I am writing in this book was composed in 2011 and was commissioned by Halcyon, who gave its first performance at the Verbrugghen Hall, Sydney Conservatorium of Music on 18th September 2011. The work is about 17 minutes duration and is made up of settings of five songs in English on texts from the tenth century The Pillow Book by Sei Shonagon adapted by the composer. The scoring of the work is for soprano, mezzo-soprano, cello, double bass, percussion, harp and piano and was written in close collaboration with Halcyon’s singers, Alison Morgan and Jenny Duck- Chong, with the assistance of an Artist Residency from the Bundanon Trust.

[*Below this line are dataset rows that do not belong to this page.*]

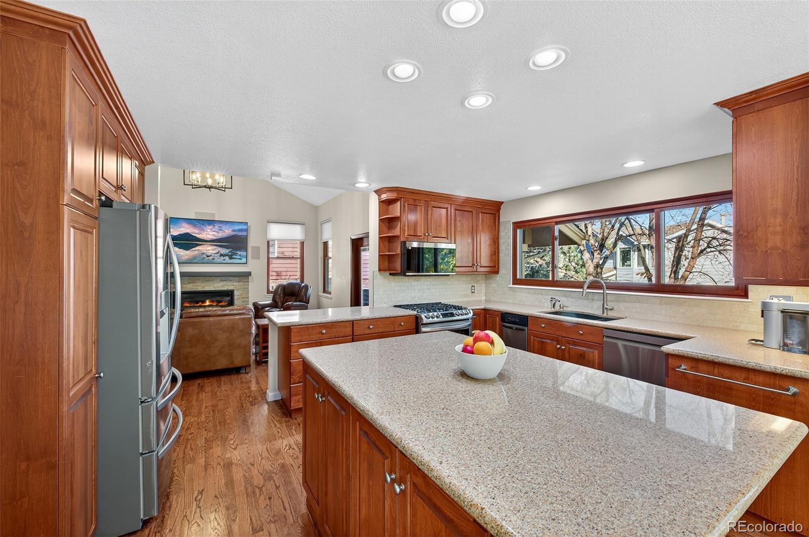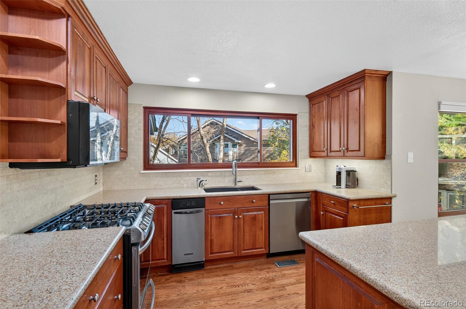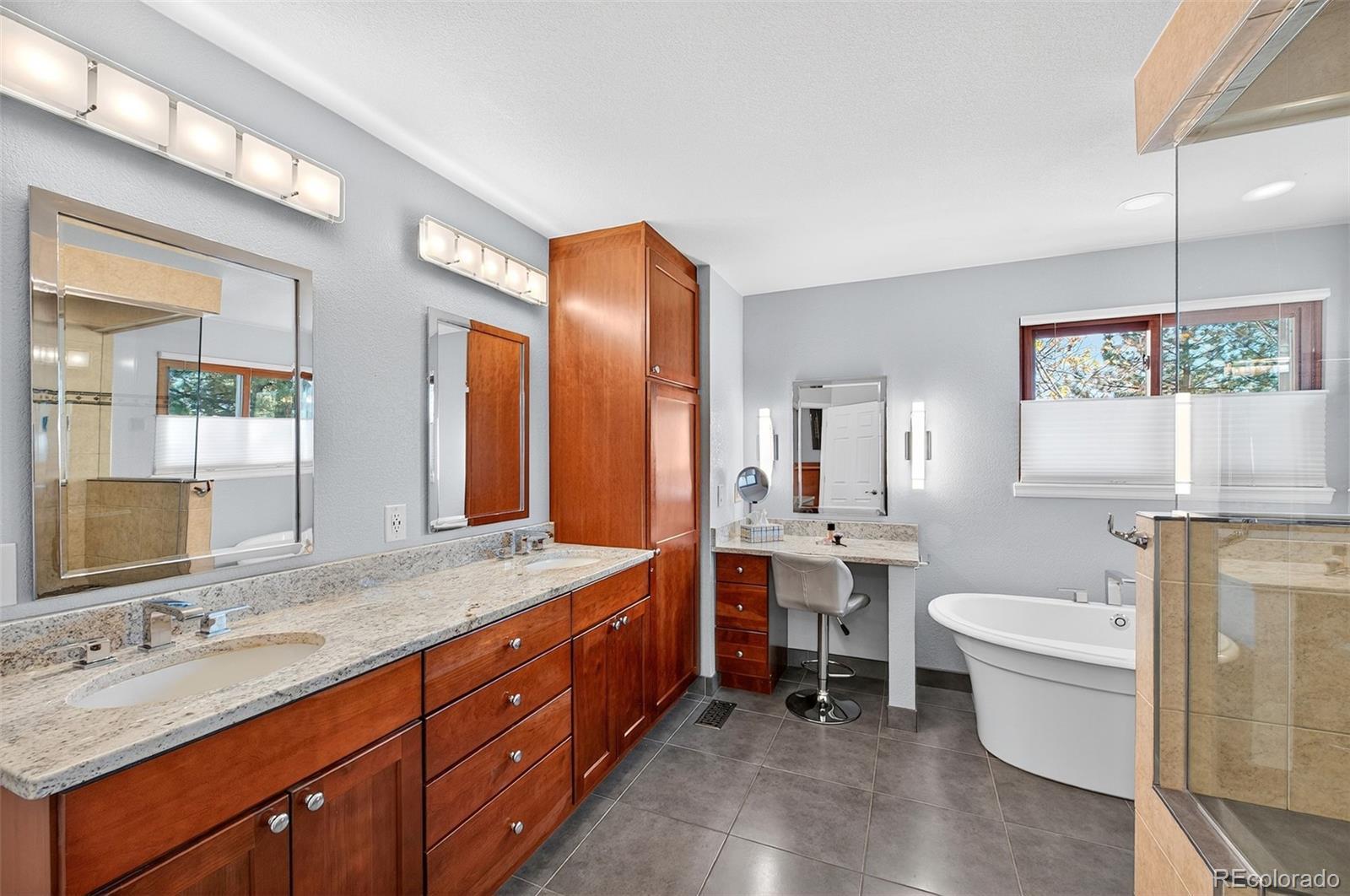 Welcome to the highly sought-after Ken Caryl Valley. This updated four-bedroom, four-bath residence has been meticulously renovated from top to bottom, providing both comfort and functionality. The main level features formal living and dining areas, a spacious laundry room, an eat-in kitchen equipped with premium stainless steel appliances, a gas range, a family room enhanced by an upgraded gas fireplace, a versatile bedroom/study, and a ¾ bath. On the upper level, you will find two generously proportioned bedrooms that share a Jack and Jill bath with dual sinks. There is also a large primary suite complete with a sitting area and an exquisite ensuite bath featuring a steam shower, built-in vanity, walk-in closet, and scenic views. The lower level boasts a bright great room, a utility sink that can be easily transformed into a wet bar, a substantial study, and ample storage space. Step outside into the enchanting backyard, which resembles a park. It features a covered deck, a paver patio equipped with a television and a hot tub, as well as a spacious side yard ideal for a swing set or playing ball. The most outstanding feature of Ken Caryl is its exceptional amenities, which include three swimming pools, numerous parks and playgrounds, extensive interior and exterior trails, and facilities for tennis, pickleball, and an equestrian center. 3 Car Garage~Newer Windows~Hot Tub~Newer Furnace, Hot Water Heater, and A/C~Whole House Humidifier and Air Scrubber~Steam Shower~Composite Covered Deck.
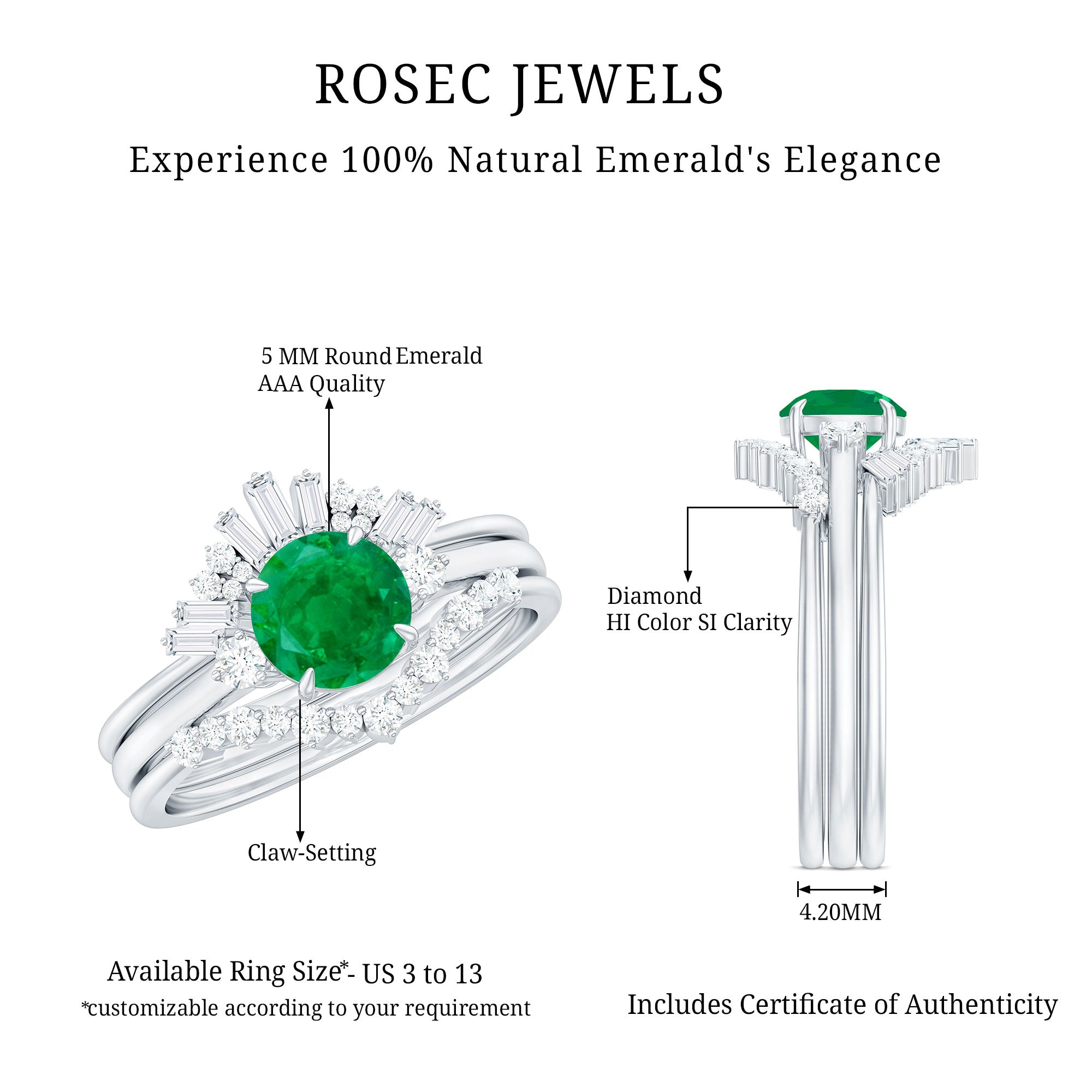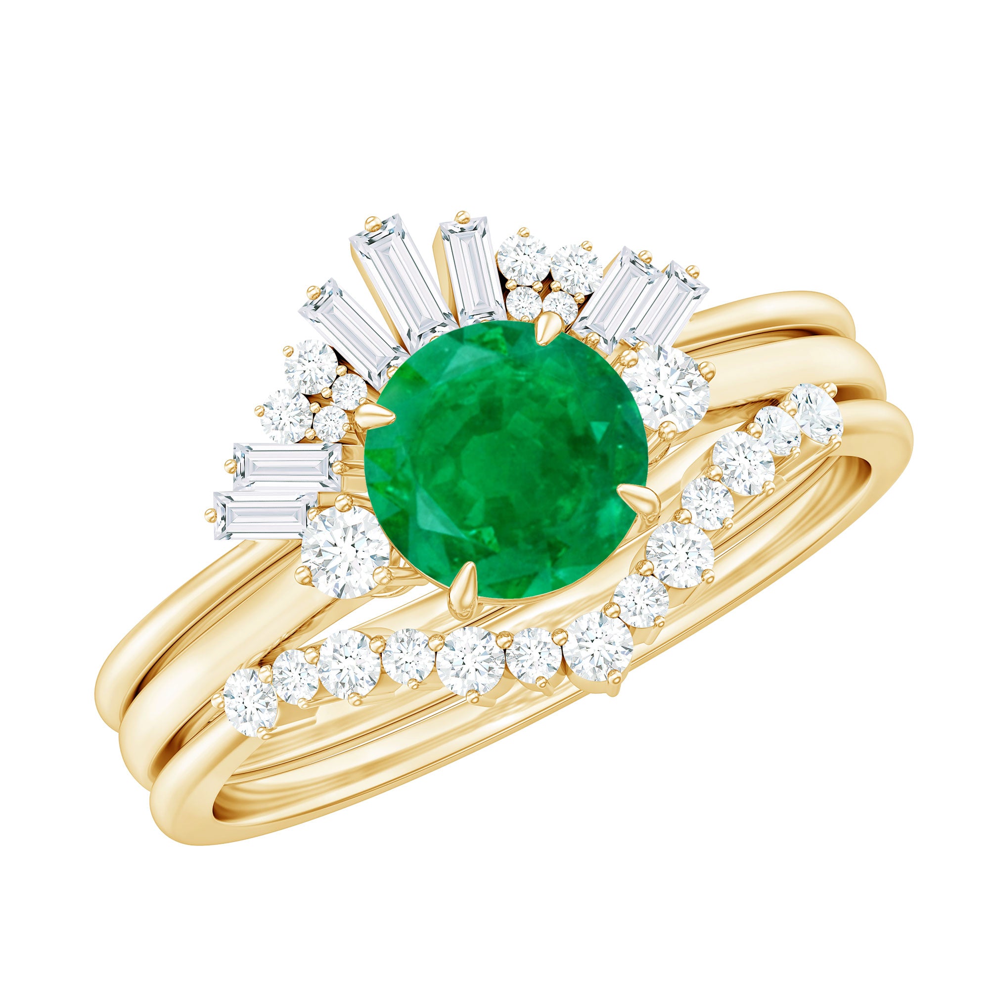 Immerse yourself in timeless elegance with this Wedding Bridal Ring Set, a trio designed to celebrate love in its most radiant form. The solitaire engagement ring dazzles with a round emerald at its center, flanked by a sparkling Diamond that captures the light from every angle, evoking both sophistication and heartfelt devotion. Complementing it, one gracefully Curved Wedding Band is adorned with Round and Baguette Shape Diamond stones, while the other band sparkles with Round Diamond stones, together creating a harmonious, layered design that symbolizes unity, balance and eternal commitment. Available in multiple sizes to ensure a perfect fit, this Emerald Diamond Engagement Ring with Wedding Band comes elegantly presented in a jewelry box, ready to turn proposals, anniversaries or meaningful milestones into unforgettable moments. This Emerald Wedding Ring Set is a luminous testament to shared dreams, enduring passion and the beauty of a love story unfolding. Let this enchanting trio shine as the centerpiece of your journey together, reflecting elegance, romance and devotion with every sparkling facet.
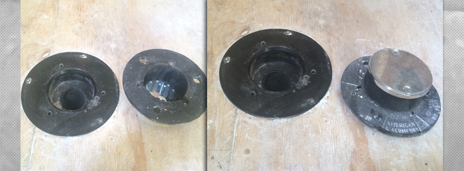 • Use a new two or three piece bolt-together drain with the outter edges of the subdrain flange installed flush or resting on top of slab/subfloor.
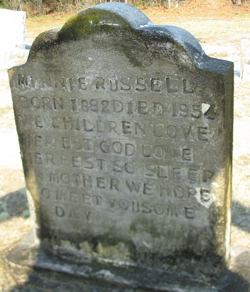 | Russell, Minnie | [Feb. 14] 1892 | [June 13]1953] | We children love her but God love her best so sleep mother we hope to meet you some day | [Death Certificate] |
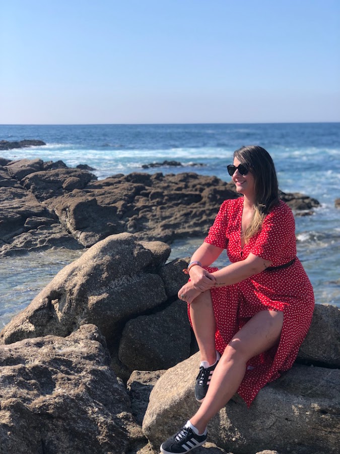 Lo combiné con deportivas negras y no pude elegir mejor opción, porque el día que hicimos las fotos, fue en unas rocas un poco alejadas y con otro calzado iba a ser terrible.
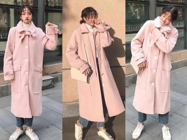 面对沉闷的冬天,想要穿得甜美风一些的话,不要再穿黑白灰了,不同颜色的大衣穿上才够好看,浅粉色设计的大衣,衣领处还有一个蝴蝶结作为装饰,整体比较直筒的版型,结合两个口袋彰显着简约美,整体造型看起来,同时具有时尚的活力感。2019年流行什么颜色大衣?
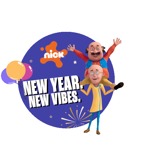 an advertisement for nick shows two cartoon characters holding balloons
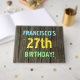 Este design de aniversário divertido apresenta uma mensagem como "27º ANIVERSÁRIO DO FRANCISCO!", onde o nome pode ser personalizado. O fundo apresenta um padrão de aparência rústico, castanho e falso em grãos de madeira. O texto de mensagem personalizável apresenta cores como azul, amarelo e verde, e tem uma aparência inspirada pela de letras pintadas e estêncilhadas. Um livro de hóspedes com tema de vinte e sete anos como este pode ser usado para que os hóspedes de uma festa possam deixar mensagens e saudações. [~Z0000320]

In developing the work I have been interested in some of the timeless ideas and contradictions in Shonagon’s famous Japanese text. Self-conscious female allure contrasted with powerlessness and anger, the malevolent and liberating force of language, and the sensual and material world sitting in contrast to the artist’s inner life. The Pillow Book consists of a diary of anecdotes, often quite quirky and poetic lists, and contemporary literary accounts written over a period of many years. The diary was written on paper given to Shonagon by the Empress in whose court she served. As a diarist, Shonagon seems to exemplify the artist’s continual paradox – wanting artistic privacy but working in a form that is inherently destined to be public. So it is not surprising that many have been drawn to her work over the centuries and seen in it a mirror for the contemporary world as well as a unique insight into feudal Japan.

My work charts Shonagon’s growth as a woman and a diarist from enthusiastic and naïve in the first song, through three songs that show her world and range of interests, to a final song steeped in the bitterness and dissolution of old age. The texts for the songs are in some cases overlapping combinations of different parts of the original.